For known issues, your staff doesn’t have to get involved in basic troubleshooting tasks such as ping, traceroute and pulling up a map as the machine does it all. It can look for the automation to run to diagnose the issue for you giving you a clear picture of what is going on in the network.
3. Encourage Real-Time Collaboration
In essence, automation becomes level 0 in the NOC offloading time-consuming tasks to the machine. But, in cases where issues need to be escalated, level 1 can provide a receipt of preliminary troubleshooting in a collaborative incident dashboard removing the need for redundant troubleshooting steps at each level.
4. Building up Automation Expertise
Look for a platform that offers an extensive and shareable automation library that’s offers pre-built automation for most common issues to start out with. Additionally, it should provide engineers with the capability to create custom automation in minutes without coding in a visual interface, ensuring extensibility and adaptability to evolving network requirements. When creating new automation, automation can be decoded across your multi-vendor network and stored in your library for use by any operator thus creating an automation flywheel that grows with your organization!
5. Integration with Existing Ticketing Systems
In fact, according to a recent EMA study of over 350 IT professionals, 45% ranked IT service management/ticketing systems their number one priority of systems to integrate with their organizations’ network automation tools. This integration facilitates event management and creates a unified troubleshooting workflow to streamline ticket handling activities.

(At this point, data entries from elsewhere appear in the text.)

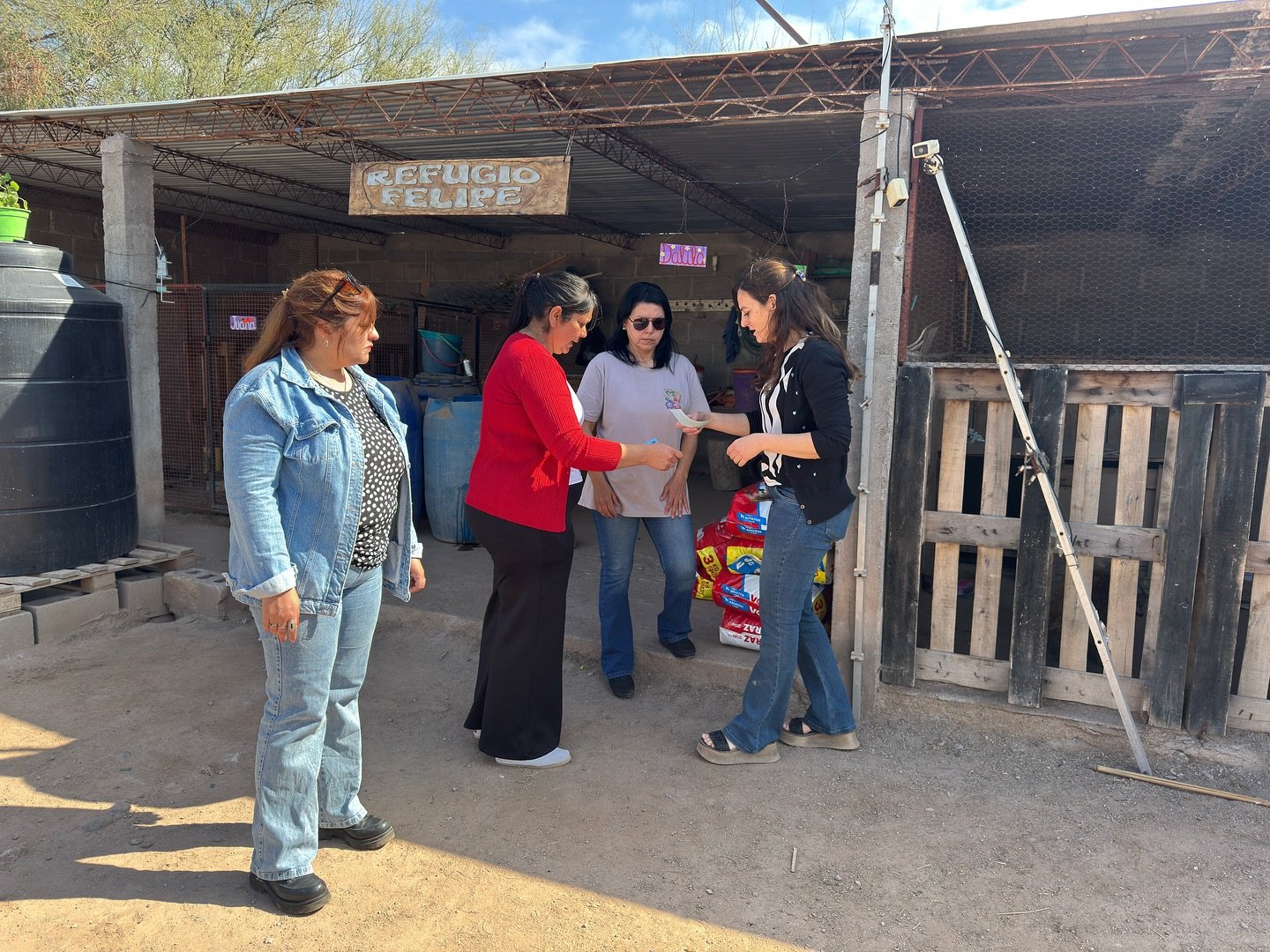El Gobierno Departamental, a través de la Secretaría de Salud —a cargo de Yuliana López— y el Área de Cuidado Responsable de Mascotas, junto con la Secretaría de Hacienda, representada por la Directora de Rentas, Noelia Busto, realizó una nueva entrega de asistencia económica y bolsas de alimento balanceado al refugio de animales de la Asociación Amigos del Animal. Estos fondos estarán destinados a solventar castraciones y reforzar el cuidado de los animales.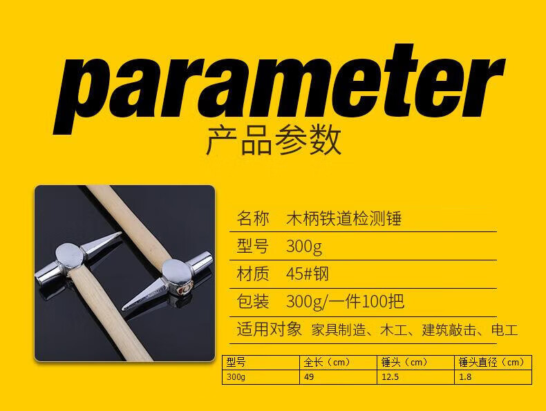 Beijing Times Railway Train Inspection Hammer Inspection Hammer Inspection Hammer Train Inspection Hammer Inspection Hammer Hammer Inspection Hammer 400g Length 500mm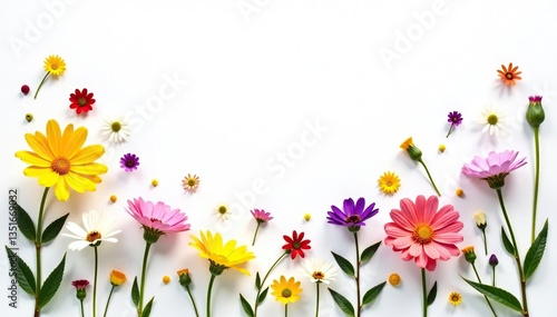 © Withun, Obraz premium Delicate, scattered wildflowers on white background, wildflowers, flowers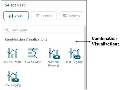The Select Part pane has three tabs to define the settings of the dashboard visualization or part.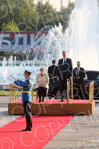 Festive reception of German Chancellor Angela Merkel in front of the Palace of Serbia.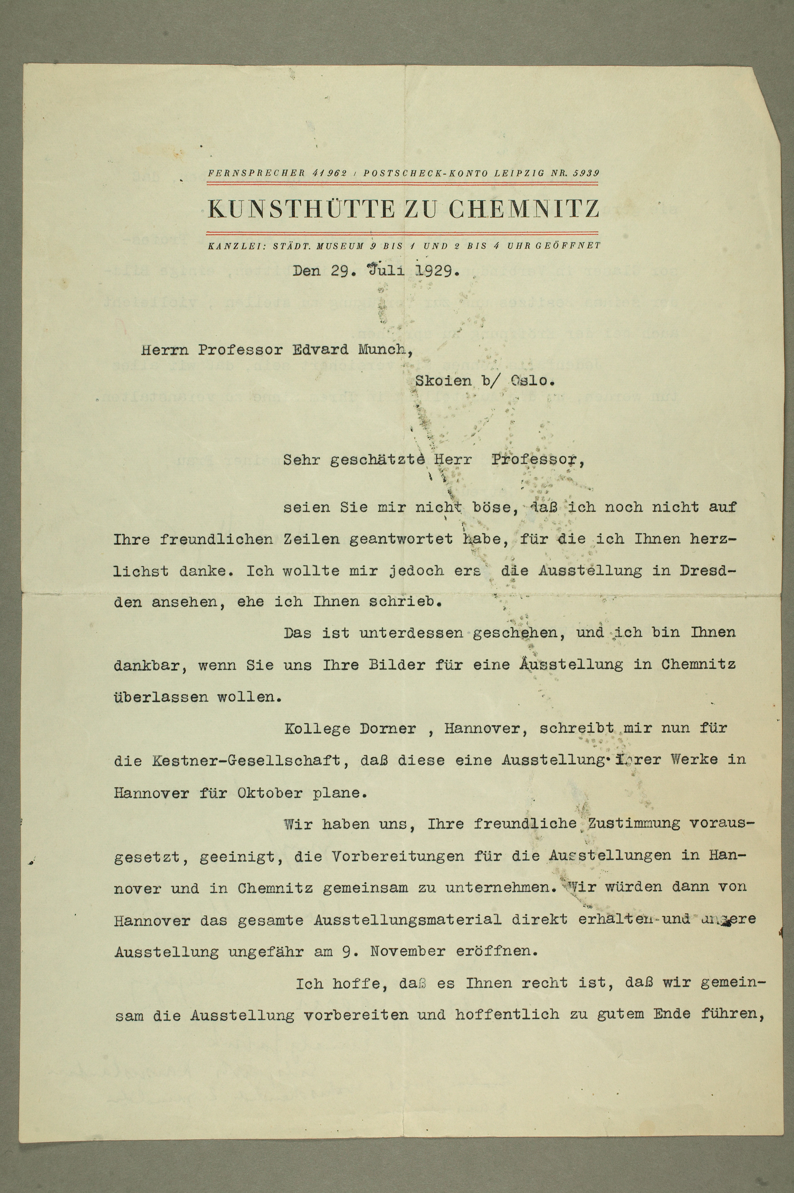 Filologisk kommentar: Notat på brev fra Kunsthütte zu Chemnitz ved Friedrich Schreiber-Weigand, se MM K 3910.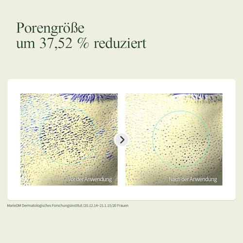 Unser Produkt bietet 24 Stunden Feuchtigkeit und reduziert die Porengröße um 37,5 %. Diese Wirkung hat klinisch belegt gezeigt: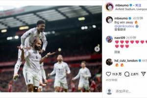 闪击破红军!姆贝莫社媒庆祝胜利:关键的客场胜利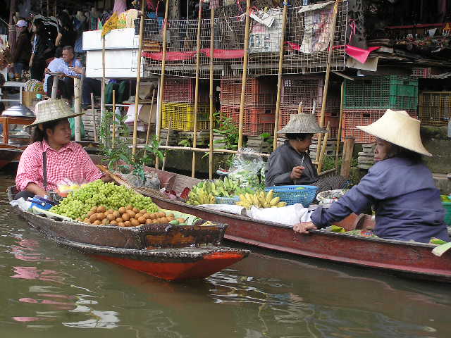 Yhden päivän retkikohteemme oli Bangkokin ulkopuolella sijaitsevat kelluvat markkinat, joista kuva yllä. Siellä myydään kaikenlaista syötävää ja muutakin tavaraa veneistä, kuten ennen on ollut yleisemminkin tapana. Nykyään nämä ovat muodostuneet turisteille suunnatuksi näytökseksi, joissa hinnatkin ovat omaa luokkaasa. Matka sinne veneellä pieniä kanaaleja pitkin oli kuitenkin kerrassaan ihastuttava, oli mukavaa seurata ihmisten elämää joen varressa, kuinka siellä kylvetään, pestään astioita tai nautitaan aamuateriaa.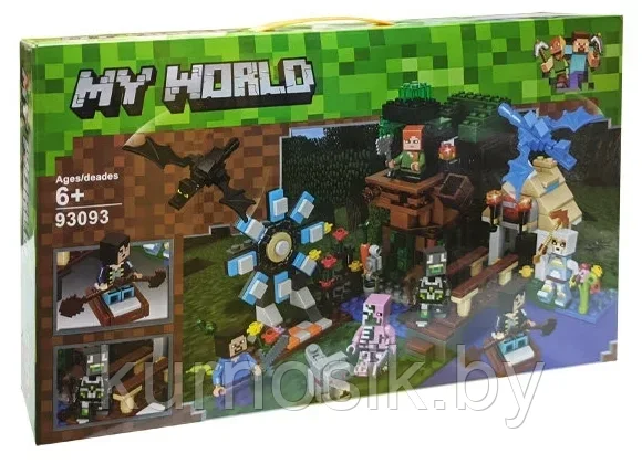 Конструктор My World "Встреча у мельницы" (446 дет.), 930930 показывает стуацию, когда у Стива день рождения, и на свой праздник наш герой решил собрать всех своих знакомых из мира Майнкрафт. Не обделил он вниманием даже тех существ, с кем ему приходилось враждовать – в списке приглашенных очутились зомби, криперы, скелеты и прочая нечисть.

Case in point follow-up: Let’s revisit our electric vehicle manufacturer to see how they used no-code network automation to resolve their troubleshooting and other operational challenges. As a key part of their troubleshooting workflow; they use NetBrain to generate network topology diagrams on demand to easily visualize critical network information, like the exact firewall and firewall policies that may be blocking specific application traffic. One senior network manager also singled out how helpful NetBrain is for password rotations as part of their security task list; NetBrain can detect any network devices still using old passwords (perhaps because they were online during the refresh). Detecting security and compliance issues automatically across their entire global network is a huge time-saver.
By adhering to these best practices and embracing a platform-based no-code approach to your network automation workflow, your organization can optimize troubleshooting processes, enhance operational efficiency, and alleviate the strain on limited resources.